Published on

Codex in practice: what it is good at, what it is not

avatar for Jigar PatelJigar Patel
2 min read

Codex is easy to overestimate.

If you treat it like a pair programmer with infinite patience, you get good velocity on repeatable tasks. If you treat it like a principal engineer in full context, you get nonsense and flaky defaults.

I use Codex as a force multiplier for three kinds of tasks:

  • Boilerplate creation
  • Refactor sweeps across many files
  • Test scaffolding and edge-case hunting

That sounds small, but this is where it shines.

The best uses

1) Structural repetition

Codex is excellent when the task is repetitive but large.

Examples:

  • adding endpoints across services,
  • converting old CLI scripts into typed wrappers,
  • and generating test cases from existing schema definitions.

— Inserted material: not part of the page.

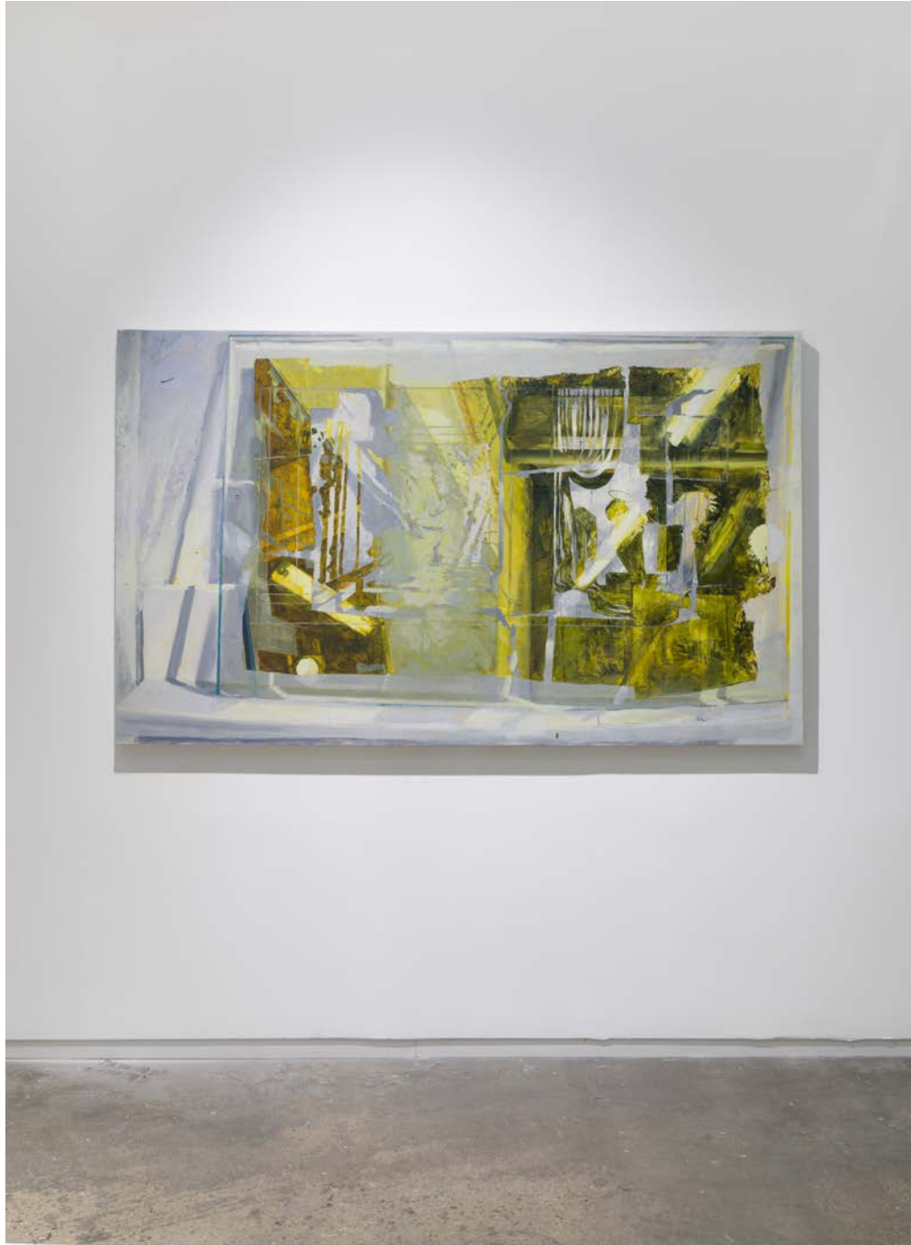
After Botticelli, 2025 Oil on canvas, 45 x 74.5 inches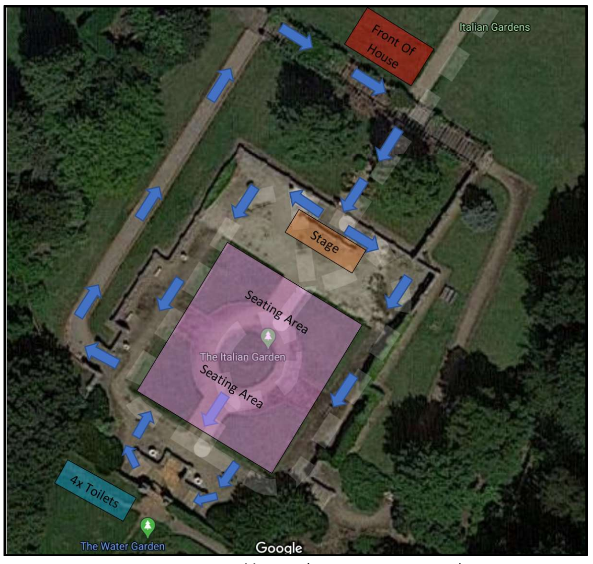
Fig 1a – general layout (inc one way system)

2) Exploration in a safe sandbox

Let it prototype quickly, then narrow down before merge.

A useful loop:

  1. ask for a minimal diff,
  2. ask for a risk list,
  3. apply only the safest parts,
  4. run full checks.

3) Translation layer

Codex does well translating intent across languages: "here’s this Python function" to "give me equivalent TS utility with types".

You still review, because translation is where small behavior changes hide.

Where it fails most often

  • Ambiguous success criteria: if you didn’t define acceptance, it optimizes for plausible output, not correctness.
  • Stateful domains: migrations, rollout strategies, or security-sensitive flows often need human sequencing.
  • Long-running assumptions: it can write very clean code for systems that require production-grade judgment calls.

How I keep it useful

I pair each Codex run with hard constraints:

  • exact directory scope,
  • explicit file ownership,
  • and a strict validation checklist.

Then it’s no longer “AI writing code blindly.”

One practical rule

If the change can be measured without manual inference, Codex is great. If the change affects a system behavior you cannot easily assert, I keep it as a suggestion source and manually implement.

That keeps the speed and keeps quality from drifting.

When it works, it does what people underestimate: it removes drudgery so the engineer can focus on decisions.